E poi ci sono i rapporti con i genitori: rapporti sempre più difficili, perché troppo spesso conflittuali (come i fatti dello scorso anno scolastico hanno ampiamente dimostrato). E non tutti i Dirigenti Scolastici son rispettosi della dignità professionale ed umana dei docenti; alcuni abusano dei già grandi poteri conferiti loro dalla Legge 107/2015 (“Buona Scuola”).
Ogni insegnante ogni giorno vive tutto ciò, confrontandosi con l’esiguità del proprio stipendio, con l’insufficienza delle risorse messe a disposizione della didattica, con la fatiscenza e lo squallore di troppi edifici scolastici, con l’ostilità di un Paese intero, che dopo 30 anni di campagne diffamatorie contro i docenti sembra avere ormai dei docenti stessi esattamente l’immagine che le campagne diffamatorie hanno costruito.
Chi parla senza sapere è solito blaterare che in Italia i docenti lavorano meno che altrove. Dicono il falso. Basti fare un solo esempio: quello della “virtuosa” Germania, dove i docenti hanno 16 ore effettive di insegnamento frontale (contro le nostre 18), e 12 settimane complessive annuali di sospensione delle attività didattiche: 6 settimane in estate, 2 in autunno, 3 a Natale, una a Pasqua. In Italia, alle Superiori, le settimane annuali di sospensione delle attività didattiche sono solo nove (sei in estate, due a Natale, una scarsa a Pasqua)! Inoltre, la vera differenza con i colleghi tedeschi, è lo stipendio, che per loro è doppio, e del quale essi giustamente si lamentano, perché lo considerano inadeguato alla loro professionalità!
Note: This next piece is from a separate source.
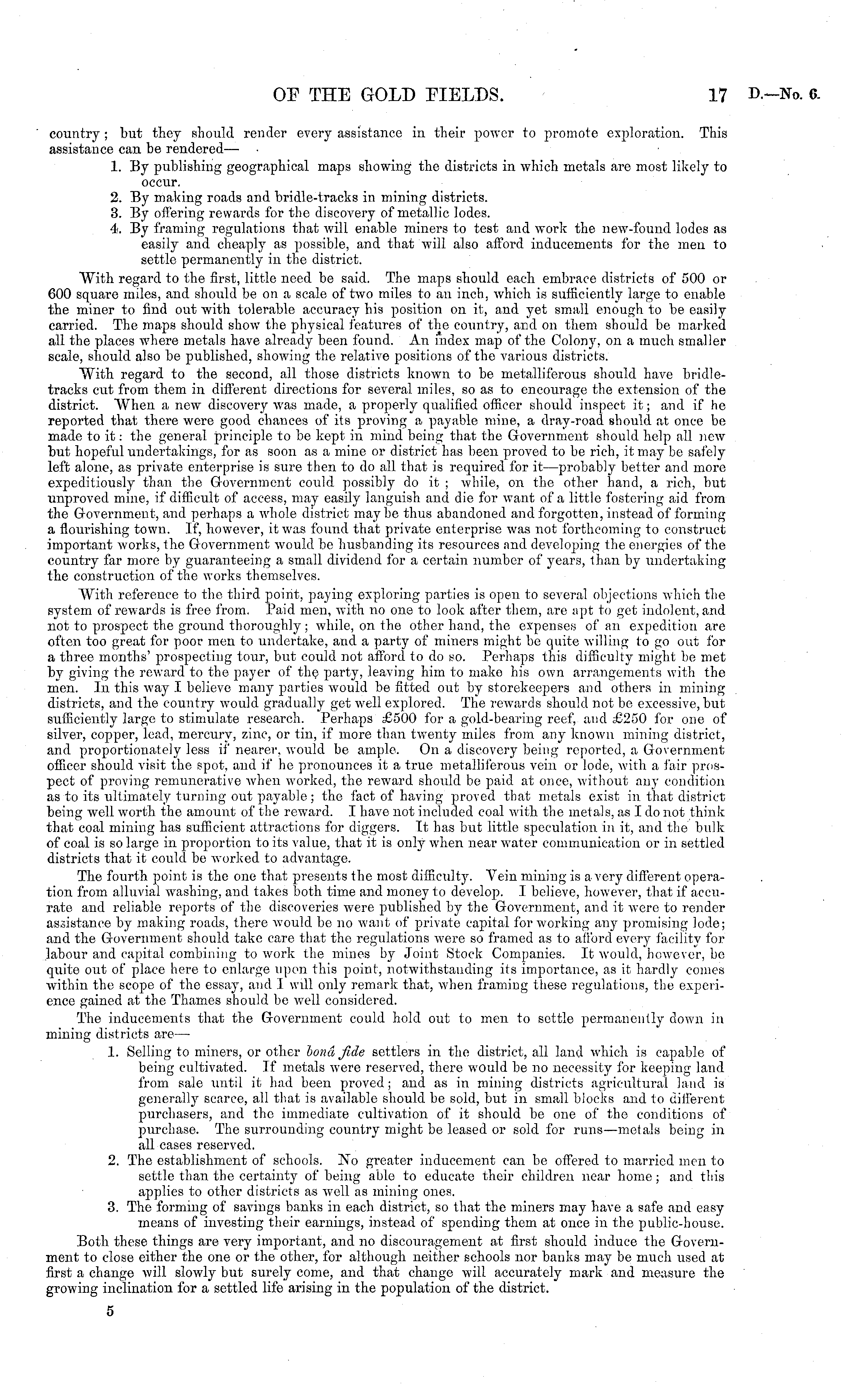 country; but they should render every assistance in their power to promote exploration. This assistance can be rendered— 1. By publishing geographical maps showing the districts in which metals are most likely to occur. 2. By making roads and bridle-tracks in mining districts. 3. By offering rewards for the discovery of metallic lodes. 4. By framing regulations that will enable miners to test and work the new-found lodes as easily and cheaply as possible, and that will also afford inducements for the men to settle permanently in the district. With regard to the first, little need be said. The maps should each embrace districts of 500 or 600 square miles, and should be on a scale of two miles to an inch, which is sufficiently large to enable the miner to find out with tolerable accuracy his position on it, and yet small enough to be easily carried. The maps should show the physical features of the country, and on them should be marked all the places where metals have already been found. An index map of the Colony, on a much smaller scale, should also be published, showing the relative positions of the various districts. With regard to the second, all those districts known to be metalliferous should have bridletracks cut from them in different directions for several miles, so as to encourage the extension of the district. When a new discovery was made, a properly qualified officer should inspect it; and if he reported that there were good chances of its proving a payable mine, a dray-road should at once be made to it: the general principle to be kept in mind being that the Government should help all new but hopeful undertakings, for as soon as a mine or district has been proved to be rich, it may be safely left alone, as private enterprise is sure then to do all that is required for it —probably better and more expeditiously than the Government could possibly do it ; while, on the other hand, a rich, but unproved mine, if difficult of access, may easily languish and die for want of a little fostering aid from the Government, and perhaps a whole district may be thus abandoned and forgotten, instead of forming a flourishing town. If, however, it was found that private enterprise was not forthcoming to construct important works, the Government would be husbanding its resources and developing the energies of the country far more by guaranteeing a small dividend for a certain number of years, Ihan by undertaking the construction of the works themselves. With reference to the third point, paying exploring parties is open to several objections which the system of rewards is free from. Paid men, with no one to look after them, are apt to get indolent, and not to prospect the ground thoroughly; while, on the other hand, the expenses of an expedition are often too great for poor men to undertake, and a party of miners might be quite willing to go out for a three months' prospecting tour, but could not afford to do so. Perhaps this difficulty might be met by giving the reward to the payer of the party, leaving him to make his own arrangements with the men. In this way I believe many parties would be fitted out by storekeepers and others in mining districts, and the country would gradually got well explored. The rewards should not be excessive, but sufficiently largo to stimulate research. Perhaps £500 for a gold-bearing reef, and £250 for one of silver, copper, lead, mercury, zinc, or tin, if more than twenty miles from any known mining district, and proportionately less if nearer, would be ample. On a discovery being reported, a Government officer should visit the spot, and if he pronounces it a true metalliferous vein or lode, with a fair prospect of proving remunerative when worked, the reward should be paid at once, without any condition as to its ultimately turning out payable; the fact of having proved that metals exist in that district being well worth the amount of the reward. I have not included coal with the metals, as Ido not think that coal mining has sufficient attractions for diggers. It has but little speculation in it, and the bulk of coal is so large in proportion to its value, that it is only when near water communication or in settled districts that it could be worked to advantage. The fourth point is the one that presents the most difficulty. Vein mining is a very different operation from alluvial washing, and takes both time and money to develop. I believe, however, that if accurate and reliable reports of the discoveries were published by the Government, and it were to render assistance by making roads, there would be no want of private capital for working any promising lode; and the Government should take care that the regulations were so framed as to afford every facility for labour and capital combining to work the mines by Joint Stock Companies. It would, however, be quite out of place here to enlarge upon this point, notwithstanding its importance, as it hardly comes within the scope of the essay, and I will only remark that, when framing these regulations, the experience gained at the Thames should be well considered. The inducements that the Government could hold out to men to settle permanently down in mining districts are — 1. Selling to miners, or other bond fide settlers in the district, all land which is capable of being cultivated. If metals were reserved, there would be no necessity for keeping land from sale until it had been proved; and as in mining districts agricultural land is generally scarce, all that is available should be sold, but in small blocks and to different purchasers, and the immediate cultivation of it should be one of the conditions of purchase. The surrounding country might be leased or sold for runs—metals being in all cases reserved. 2. The establishment of schools. No greater inducement can be offered to married men to settle than the certainty of being able to educate their children near home; and this applies to other districts as

Le settimane di vacanze estive (senza considerare quelle degli altri periodi) sono 13 in Portogallo, Bulgaria, Spagna, Irlanda, Slovenia, Bosnia, Croazia, Montenegro, Turchia, Macedonia, Ucraina, Romania, Russia, Lettonia, Lituania. 11 settimane in Islanda, Grecia, Finlandia, Serbia, Svezia, Ungheria, Polonia.
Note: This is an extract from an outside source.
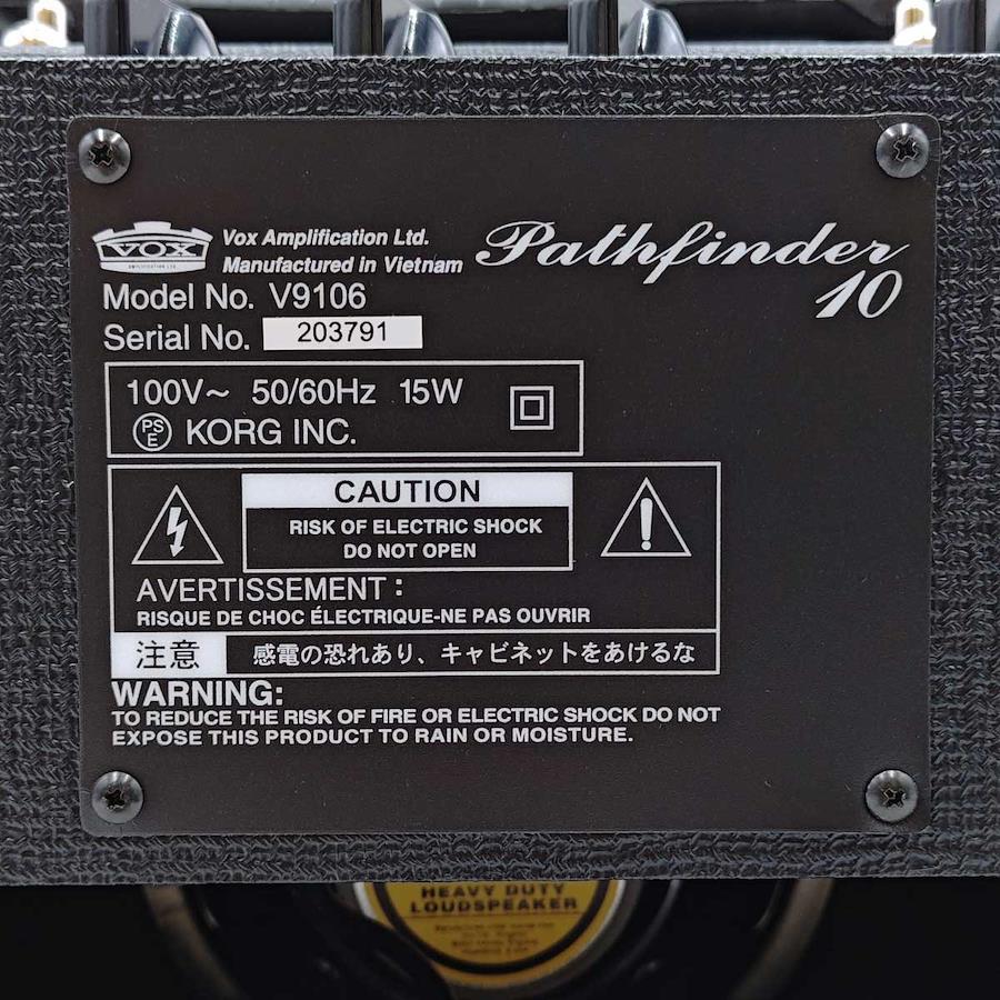 [タイプ] VOX ギターアンプ Pathfinder10 Model No. V9106[状態] 目立ったダメージはありませんが、四隅に少し汚れや傷みがみられます。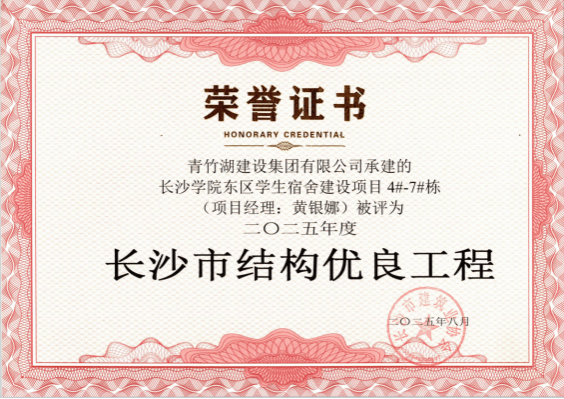 近日,长沙学院校东区学生宿舍建设项目凭借扎实的工程质量点和规范化管理,荣获2025年度“长沙市结构优良工程”奖。

Pochi italioti lo sanno, ma molti insegnanti lavorano negli ospedali, con adolescenti gravemente malati. Li vedono soffrire, li accompagnano nel cunicolo buio della morte, mano nella mano. Perché non sono impiegati: sono Docenti.
Molti insegnanti lavorano nelle carceri, per dare un’ultima opportunità di riscatto a chi ha sprecato tutte le altre delinquendo, ed ora vuole cambiar vita. Perché non sono persone che hanno scelto la Scuola per riposarsi: sono Docenti.
Se questo Paese vuol tornare davvero ad essere degno della propria storia, deve partire dal rispetto per i propri insegnanti. E deve rinunciare a risparmiare sulla loro pelle col farli andare in pensione a 68 anni. Dopo i 60 anni nessuno può restare in cattedra, perché ha già dato tutto alla società senza ricevere neppure un “grazie”. I ringraziamenti (ancorché auspicabili) non sono un diritto dei docenti; il riposo certamente sì.